01:05:22   And I mean, Anchor in general,

01:05:23   their tools are about like making it just easy to do.

01:05:27   And this is a nice step into something a little bit more complex.

01:05:32   So you could say record something, because you could plug in, it supports the camera

01:05:36   connection kit stuff, so you could plug in a microphone, record something with someone,

01:05:40   record something on your phone later on, and then put it all into one project, make it

01:05:43   into one show, and publish it on Anchor.

01:05:45   Yeah, I like the idea of democratizing podcasting.

01:05:48   This is the other side of it, right?

01:05:49   Which is, the fact is, you could do a podcast that's literally you talking to your phone,

01:05:54   that the medium is becoming, or genre or whatever you want to call it, is becoming more sophisticated,

01:06:00   still anybody can do a podcast.
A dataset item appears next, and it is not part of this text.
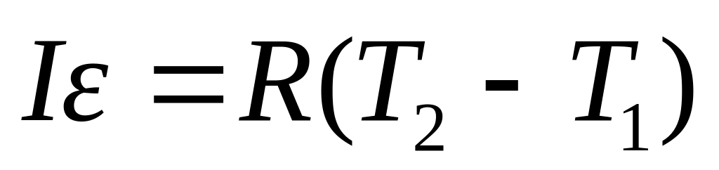 Вращение блока вызывается действием только сил натяжения нити, поскольку моменты сил тяжести блока и реакции оси равны нулю. Тогда основное уравнение динамики вращательного движения для блока

And so creating some tools that vary, that make it easy not

01:06:08   just to post a podcast but to make it sound a little bit better, to put in music, to take

01:06:11   out that part that you want to take out for regular people to do that is a good thing.

01:06:18   And that's what I like about this approach is that it's basically saying, "Look, you

01:06:22   can clean up, do some basic clean up without having to find a new workflow and find other

01:06:28   apps and all of that that Anchor will let you do it. I think it's a good move.

01:06:31   Yeah, and this is why I like them in general because then they like, they simplify product

01:06:34   like the posting. So you can post it, you get the RSS feed and then they put it into

01:06:39   iTunes and they can put it onto smart speakers and stuff for you.

01:06:41   Right.

01:06:42   But I really like this app. I've played around with it and it is a fun way to make simple

01:06:47   podcasts, right? Like a show like this one, I couldn't produce it inside of Anchor because

01:06:52   I edit way too heavily. But if you are making a show, like you're starting out, this is

01:06:58   a fantastic way to start out and learn some really simple basics about editing, just like

01:07:03   trimming and splitting. These are things that you need to kind of get your head around and

01:07:07   their tools actually make it easy to conceive of why you'd want to do these types of things.

01:07:11   So I give it a thumbs up. Again, if you're starting out, if you've never done this stuff

01:07:15   before, I recommend Anchor. And here's a little tease for you. If you enjoy hearing us talk

01:07:21   about podcast stuff. Oh boy, do we have a treat for you! Next week is episode 200. Episode

01:07:29   200 is split into two parts. The first part of the show is me and Jason talking about

01:07:35   upgrade. We are using episode 200 as a way to reflect on the show, kind of talk about

01:07:40   where it came from, how it's evolved, and why we love doing it and why it's important

01:07:44   to us. The second half is for people that have asked us, "Oh hey, you've mentioned

01:07:50   and that you wanted to do podcast tips in the,

01:07:52   like, 'cause we spoke about that a while ago,

01:07:53   you wanna give us some more podcast advice.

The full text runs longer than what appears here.